LG und Danke im Vorraus!


----------



## markus1612 (30. September 2015)

Was du da hast istziemlicherQuark, denn für reines Programmieren reicht ein 200-400€ Netbook/Rechner.

Ich weiß nicht, was du beim Programmieren mit einem 8 Kerner und ner Gaminggrafikkarte willst.


----------



## plutoniumsulfat (30. September 2015)

Dito, bei mir werkelt dafür noch ein 7 Jahre alter Laptop.


----------



## XT1024 (30. September 2015)

HTBLA2015 schrieb:


> Könnt ihr mir bitte eure Meinung dazu sagen?


Hat das Angebot auch einen Preis, ein Netzteil, ein MB?
Bei einer GTX 970 denke ich ja nicht sofort an einen PC zum Programmieren.

Edit:zzz


Spoiler



Oder ist das wieder so wie diese "Suche Office-Rechner, gelegentlich Hardware-fressende Spiele auf 3x4K und Ultra".


----------



## chischko (30. September 2015)

Hi HTBLA2015 und herzlich willkommen im Forum, 

nachdem hier ziemlihcer Kauderwelsch im Startpost steht möchte ich Dich bitten erst einmal diesen mittlerweile recht etablierten Fragenbogen auszufüllen, denn sonst kann ich dir hier auch gerne nen 2000-3000 Euro Setup empfehlen oder nen 400 Euro Laptop welches Dir vielleicht auch reichen könnte... 

Besonderes Augenmerkt solltest Du Frage Nummer 6 legen und diese ausführlicher beantworten!
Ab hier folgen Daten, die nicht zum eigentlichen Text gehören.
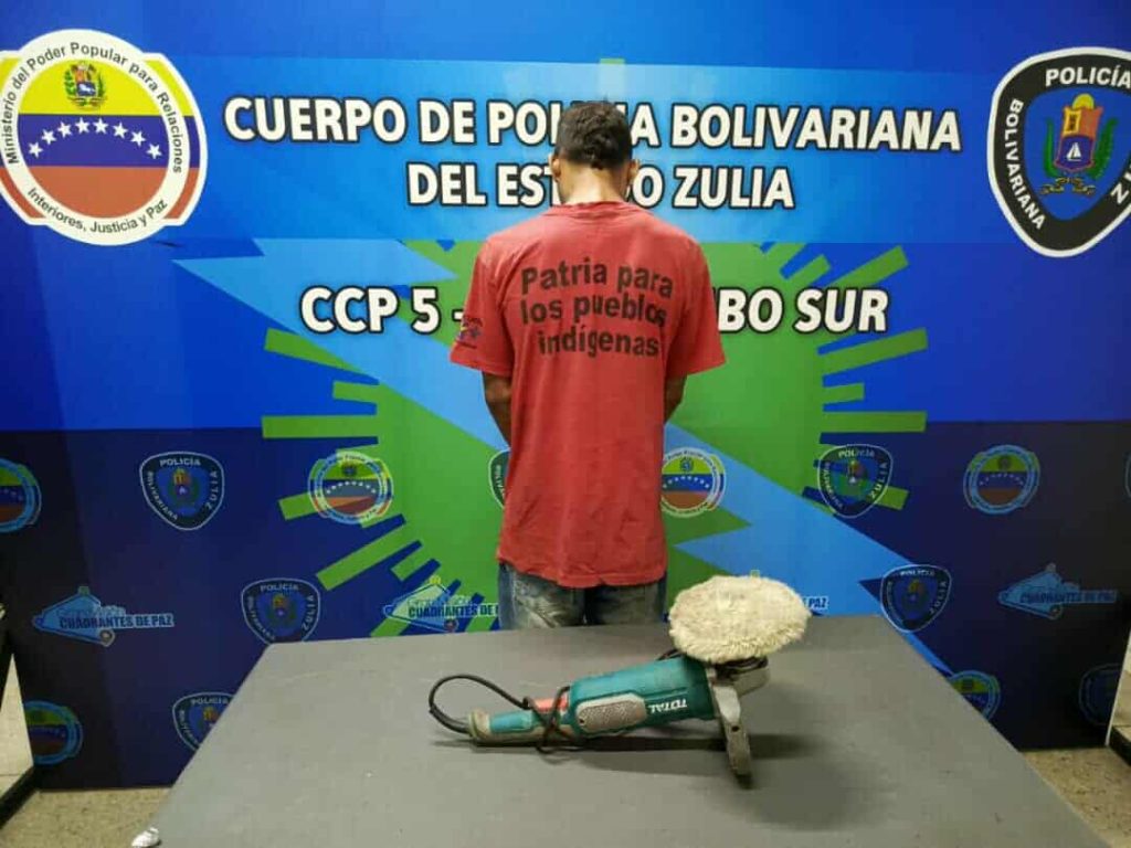 Por otro lado en el sector Los Haticos, parroquia Cristo de Aranza, municipio Maracaibo, fue aprehendido Elián José Morales Velázquez, de 23 años de edad, quien fue denunciado por el administrador de un pulilavado y hurtar un esmeril mopa pulidora.

Denn was Du machst ist sehr entscheidend dafür, was Du brauchst (eigentlich logisch, oder?)... Außerdem habe ich mittlerweile erlebt, dass Leute unter "programmieren" die unterschiedlichsten Sachen verstehen... die einen wollen einfachen HTML Code und wieder andere hochgradig komplexe FEM Simulationen und Systemsimulationen mit AMESim oder Simulink durchführen... 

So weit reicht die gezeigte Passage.